Some people have the misfortune of urinating out a nitrogen-containing chemical called trimethylamine, which is the same chemical that gives dead fish its smell. Gross! This disorder is known as trimethylaminuria or “fish-odor syndrome”, and is caused by the person’s body not being able to turn trimethylamine into the less volatile (and way less smelly) chemical trimethylamine N-oxide. Trimethylamine therefore builds up in the fish-odor syndrome victim’s body and comes out in his/her urine, sweat, and breath. What a bummer!

Double Bummer!!!

We’ll finish off today’s peepee talk with a sweet tale. Instead of having dead-fish-smelling-pee, some people’s pee can smell like maple syrup! This is caused by a genetic defect that causes a buildup in certain kinds of amino acids in people’s bodies.

Those amino acids have to go somewhere, and some of them end up turning into a chemical called sotolon (proposed mechanism here), which then gets peed out. This is the same chemical that gives maple syrup its distinctive awesome smell, hence the maple-syrup-smelling-pee-pee! Unfortunately this disease can be fatal if left untreated (mega sad), however with proper treatment people are able to live healthy lives (mega happy).

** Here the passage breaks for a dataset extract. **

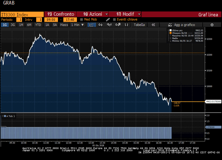 Il settore creditizio ha avvertito la rotta intorno a metà seduta, in concomitanza con il discorso tenuto dal neo premier Giuseppe Conte al Senato in vista dell’ottenimento della fiducia. Il rosso si è poi man mano allargato.

CT scan of infant with maple-syrup urine disease. More info about and source of image: pediatricneuro.com

For the purpose of making artificial maple syrup, companies isolate sotolone from the herb fenugreek. So, since most sotolone molecules pass through your body unchanged, if you ever want your pee to smell like maple syrup, just eat lots of fenugreek. But remember, never directly inhale pee vapors, always waft!